I would like to continue the blog series I started earlier – Introducing Digital Audio – with this story about frequencies and elucidating what they mean. Frequency is a word that one frequently encounters when they read any book or research paper related to digital signal processing on any multimedia. And, when it comes to audio, there are different types of frequencies.
To begin with, let us consider an original analog signal. The amplitude of an analog signal varies in the timeline between positive values and negative values. When the wave crosses the zero amplitude 2 times, it means that it finishes a cycle.

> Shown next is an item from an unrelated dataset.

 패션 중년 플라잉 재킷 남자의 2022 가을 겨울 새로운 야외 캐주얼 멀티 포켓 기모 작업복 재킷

The time it took to complete a cycle is time-period of the signal (measured in seconds), and the inverse of time-period is the frequency of the signal (measured in Hertz). If the time-period is constant for all the cycles (ex: perfect sine wave), it means that there is only one single frequency in that signal. But speech and music constitute multiple frequencies, and the range of frequencies a signal has significant energy is called the spectrum of the signal.
Let us jump to digital domain now. When the analog signal is sampled (discrete values in time) and quantized (discrete values in amplitude), we will get a digital signal which is nothing but a 1-D array of sample amplitude values (real integers). This digital signal has a digital frequency which depends on original analog signal frequency and sampling frequency. The digital frequency or the normalized frequency is nothing but the original analog frequency (every signal has primary frequency even though it contains a band of frequencies) divided by the sampling frequency.

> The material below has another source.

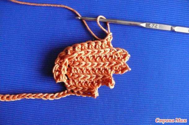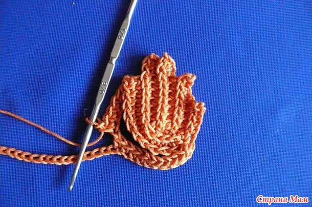 Безотрывное вязание листиков крючком.

The sampling frequency is determined by Nyquist criteria. Nyquist criteria states that to faithfully reproduce original analog frequency from the digitized signal (sampled & quantized), at least 2 sample values inside a cycle (time period of the signal) is needed. That is, sampling frequency should be at least twice that of original signal frequency.
Equation:
fs >= 2*f
From the equation above, Nyquist frequency is defined as half the sampling frequency; that is fN = 0.5 * fs. Nyquist criteria is very important for sampling, otherwise, it would result in temporal aliasing effect in audio. To understand the aliasing effect, one must know that the frequency which constitutes the high energy in the spectrum is called fundamental frequency and integer multiples of the fundamental frequency are called harmonics. So, usually the signal is low pass filtered with high cut-off frequency as the fundamental frequency of this signal. This filter is called anti-alias filter as it filter outs the energies from higher order harmonics and preserves the original spectrum even after sampling.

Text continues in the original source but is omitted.